───── MATERIALS PROVIDED

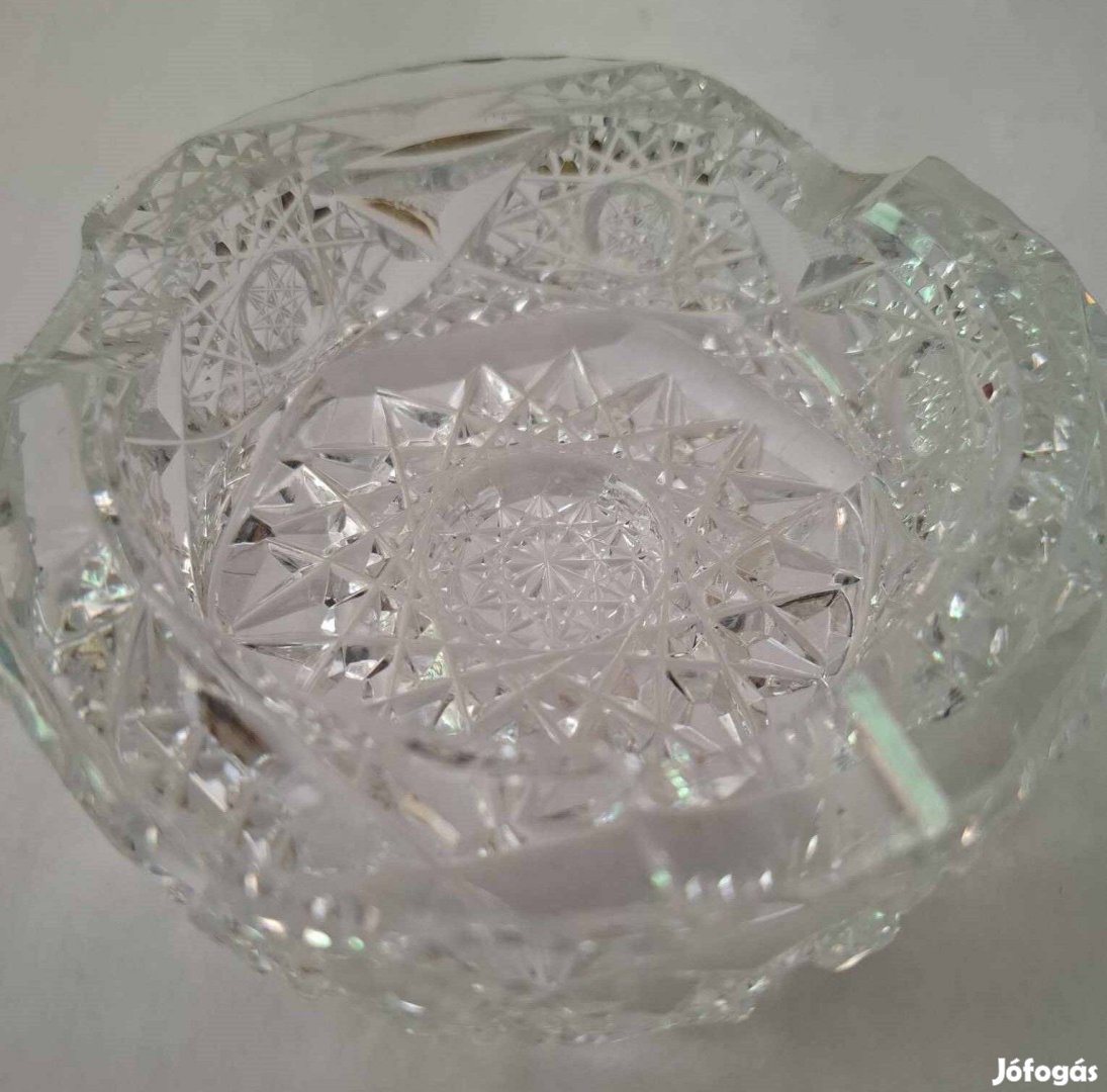 Eladó egy retró, csiszolt üveg hamutartó. Méretei: kör alakú, átmérő 10,5 cm, magassága 3,5 cm, súlya 0,5 kg
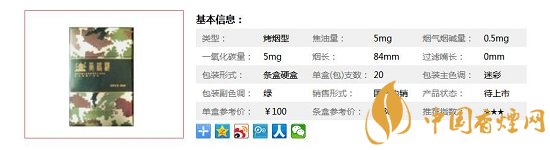 | 類(lèi)型 :烤煙型 | 焦油量 :5mg | 煙氣煙堿量 :0.5mg | 一氧化碳量 :5mg |
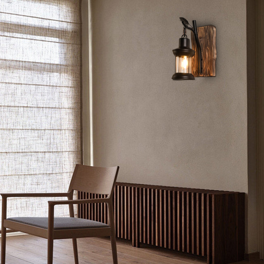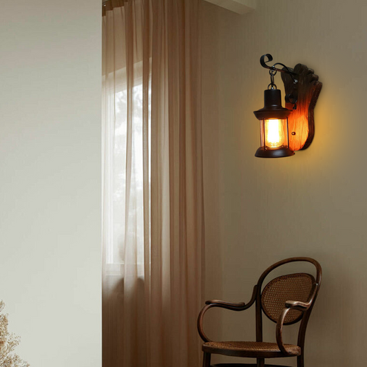 Vintage Wandleuchte Schwarz Metall Holz Zweig Laterne Schlafzimmer
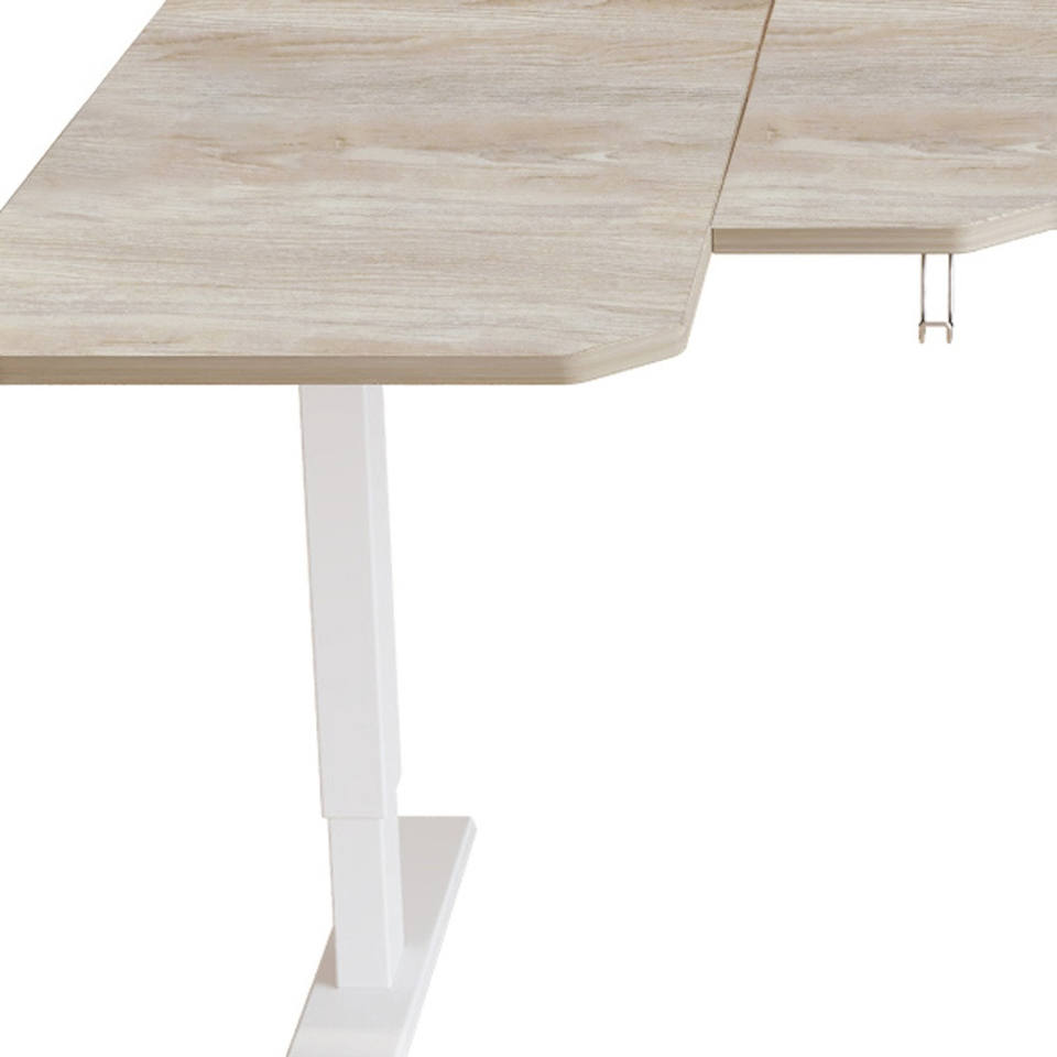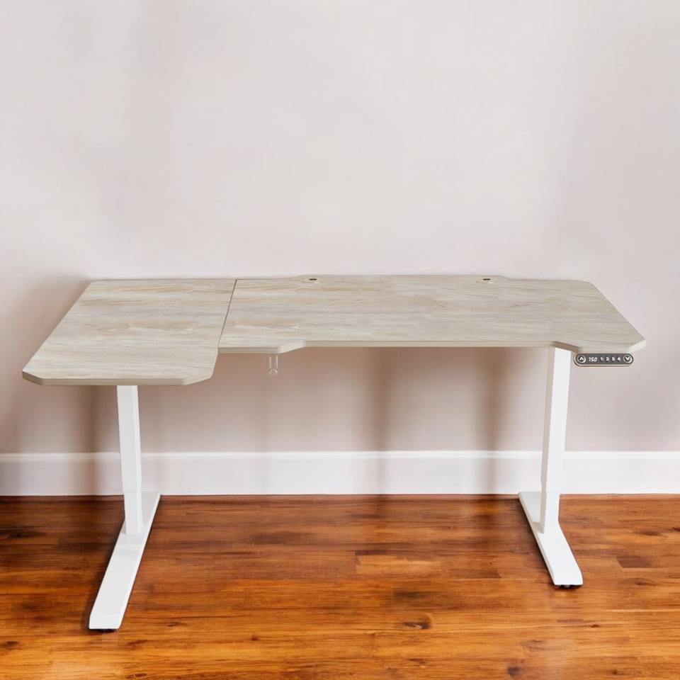 HMS 59 Adjustable Light Khaki and White L-Shape Standing Desk for Office Use
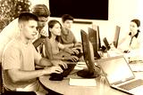 In classroom during computer courses, male teacher helps guy student complete difficult task, looks at monitor screen and corrects work
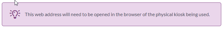 Any of these settings can be edited at a later time. But if you change the Kiosk Type, you will need to relaunch the kiosk window on its respective computers and create a new shortcut once changes have been made. It is recommended that you consult your IT department to set up a computer to act as a kiosk. They can save a shortcut on the computer's desktop that automatically opens the proper kiosk, and they will often write a script to auto-launch the shortcut if the computer is restarted.
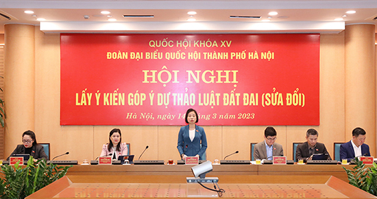 Sáng 14/3/2023, Đoàn đại biểu Quốc hội thành phố Hà Nội tổ chức hội nghị lấy ý kiến góp ý dự thảo Luật Đất đai (sửa đổi). Phó Trưởng đoàn chuyên trách Đoàn đại biểu Quốc hội Thành phố Phạm Thị Thanh Mai chủ trì hội nghị. Tham dự hội nghị có đại diện lãnh đạo các Ban, Văn phòng Đoàn ĐBQH và HĐND TP; đại diện các sở, ban, ngành; UBND các quận, huyện, thị xã; các chuyên gia, nhà khoa học.

──────────

A word-for-word copy is needed, starting at the first line of the listing and ending with the line bearing "In classroom during". No pictures.

* ANSWER TO THIS EXERCISE *
 Eladó egy retró, csiszolt üveg hamutartó. Méretei: kör alakú, átmérő 10,5 cm, magassága 3,5 cm, súlya 0,5 kg
 | 類(lèi)型 :烤煙型 | 焦油量 :5mg | 煙氣煙堿量 :0.5mg | 一氧化碳量 :5mg |
 Vintage Wandleuchte Schwarz Metall Holz Zweig Laterne Schlafzimmer
 HMS 59 Adjustable Light Khaki and White L-Shape Standing Desk for Office Use
 In classroom during computer courses, male teacher helps guy student complete difficult task, looks at monitor screen and corrects work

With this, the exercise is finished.